[Collected data entries]
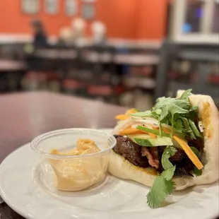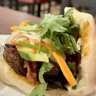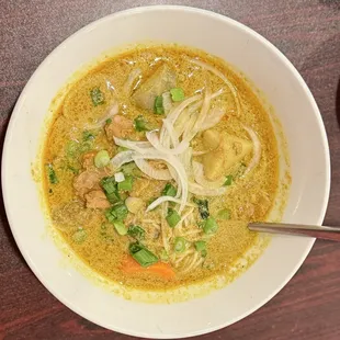 Delicious bao bun and rice noodle chicken curry. The bun is small. The chicken curry dish was huge. Glad I was sharing both. The flavors of the curry dish are incredible. My only critique is that I wish there were slightly fewer noodles and a bunch more veggies. Maybe next time I'll see if they will adjust that way. Regardless it's tasty. And the service was friendly. The decor is pretty simple. But it doesn't really need to be fancy. Overall very enjoyable.
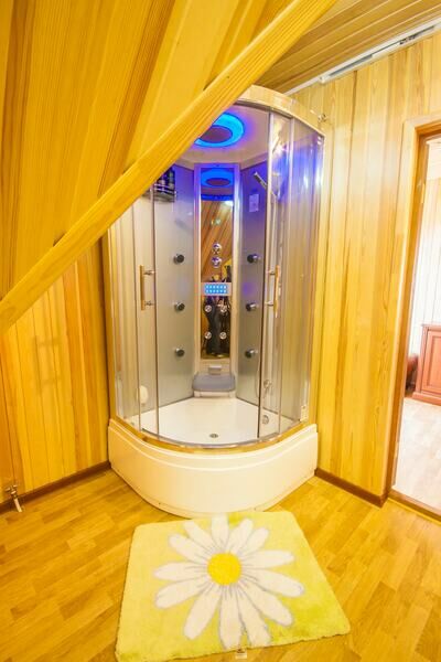 Как и все дома в агроусадьбе, дом «Форум» очень стильный и комфортный. Вам нужно только арендовать коттедж и наслаждаться: природой, озером, красотой усадьбы, вкусными бананами с веток оранжереи и другими прелестями отдыха в Усадьбе «Абузерье». Коттедж в аренду «Форум» готов принять от двух до восьми человек.
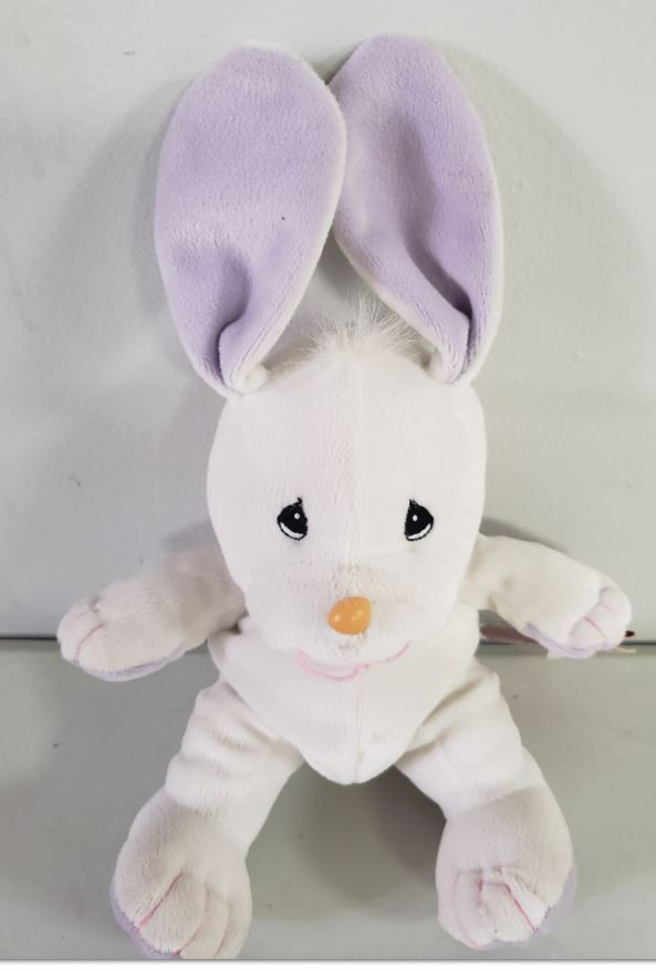 Precious Moments Tender Tails bunny rabbit, white and Lavendar. Approx 8.5"H. New with Tags attached. made with polyester fibre and filled with plastic pellets.
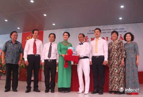 Gia đình nhàgiáo Nhân dân Nguyễn Lân, tặng sách lưu niệm cho nhà trường nhân ngày khai giảng năm học đầu tiên.
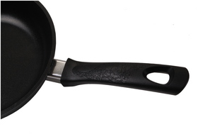 ненагревающаяся съемная ручка из бакелита; высокая теплопроводность и эргономичность; легкость мытья; возможность использования минимального количества жира; длительное сохранение тепла
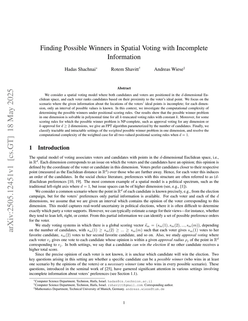 Finding Possible Winners in Spatial Voting with Incomplete Information
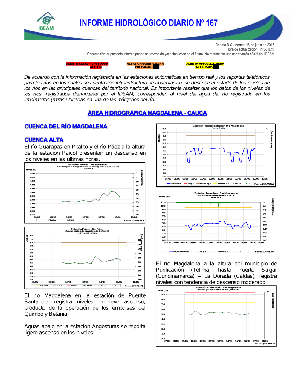 En general, el seguimiento que hace el Ideam del comportamiento hidrológico en los principales ríos del país se realiza con la información horaria en tiempo real que se recibe de las estaciones automáticas, complementadas con más de 40 estaciones hidrológicas que transmiten en las primeras horas cada mañana, los 365 días del año.
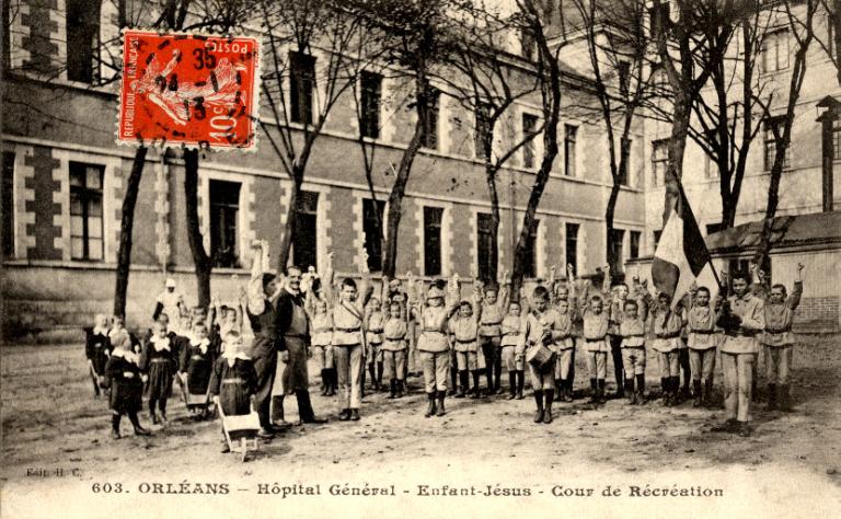 L'adjudication des travaux à effectuer pour construire "une salle annexe à l'hôpital destinée aux enfants assistés" eut lieu le 19 juillet 1890. Il était prévu de démolir et refaire l'extrémité occidentale du grand bâtiment de l'hôpital général et d'établir une grille sur le boulevard des Anges. Le nouveau pavillon formerait alors un long avant-corps du grand bâtiment et comporterait trois niveaux dont un étage de combles. Il fut inauguré en 1891 pour loger les jeunes garçons orphelins (salle de l'Enfant Jésus).Par son testament daté du 11 décembre 1929, Charles Jules Ernest Roux fit des Hospices civils d'Orléans ses légataires universels ; le legs fut accepté le 11 août 1930. En 1934, la pension fut réaménagée et transformée en pension pour personnes âgées et prit le nom de pension Roux. Elle fut désaffectée au milieu des années 1970.
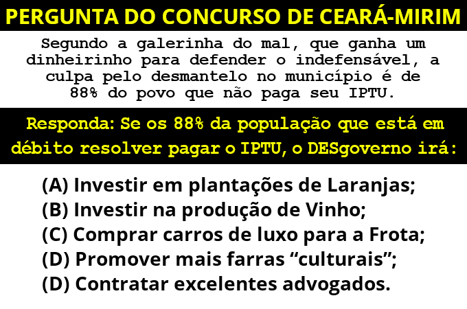 — PERGUNTA ENVIADA POR UM LEITOR DO BLOG — 8 de março de 2016 COMPARTILHE Continue Reading Previous Previous post: Homem morre tentando defender mulher agredida pelo ex-maridoNext Next post: [MAIS ESCULHAMBAÇÃO] Em Ceará-mirim, a incompetência na gestão da educação pública municipal é mais um retrato do DESgoverno Deixe um comentário Cancelar respostaVocê precisa fazer o login para publicar um comentário. OUTRAS NOTÍCIAS Mais uma do Pinóquio: Se Marcílio critica Júlio, por que copiou seu plano de governo de 2016? 6 de outubro de 2024 Show de horrores: Turma de Marcílio e Peixoto cria fake news para tentar enganar eleitores em Ceará-Mirim 6 de outubro de 2024
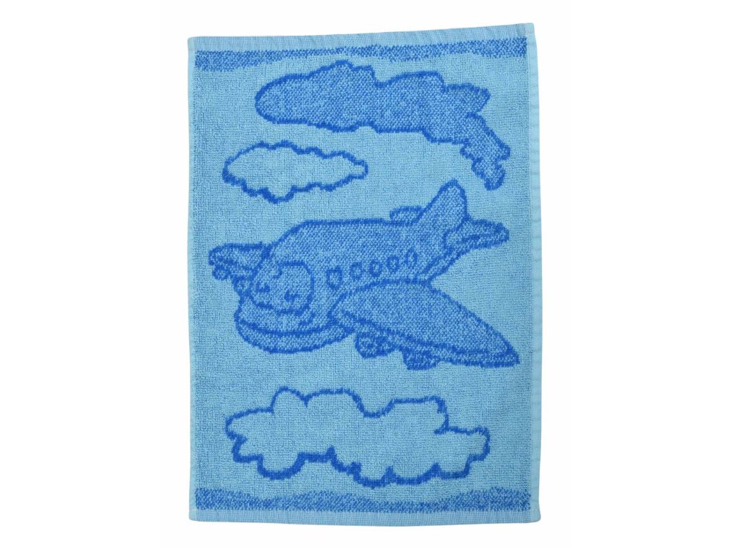 Dětský ručník s motivem modrého letadýlka v oblacích. Rozměr 30×50 cm, jemné froté z bavlny, vetkaný obrázek z obou stran. Praktický pomocník pro školku i domů.

• **TASK BRIEF**:
Return only the lines that start at the line containing "Ceará-Mirim 6 de outubro de 2024" and finish at the last line of the entries, exactly as written and without pictures.

• **ANSWER SPACE**:
 — PERGUNTA ENVIADA POR UM LEITOR DO BLOG — 8 de março de 2016 COMPARTILHE Continue Reading Previous Previous post: Homem morre tentando defender mulher agredida pelo ex-maridoNext Next post: [MAIS ESCULHAMBAÇÃO] Em Ceará-mirim, a incompetência na gestão da educação pública municipal é mais um retrato do DESgoverno Deixe um comentário Cancelar respostaVocê precisa fazer o login para publicar um comentário. OUTRAS NOTÍCIAS Mais uma do Pinóquio: Se Marcílio critica Júlio, por que copiou seu plano de governo de 2016? 6 de outubro de 2024 Show de horrores: Turma de Marcílio e Peixoto cria fake news para tentar enganar eleitores em Ceará-Mirim 6 de outubro de 2024
 Dětský ručník s motivem modrého letadýlka v oblacích. Rozměr 30×50 cm, jemné froté z bavlny, vetkaný obrázek z obou stran. Praktický pomocník pro školku i domů.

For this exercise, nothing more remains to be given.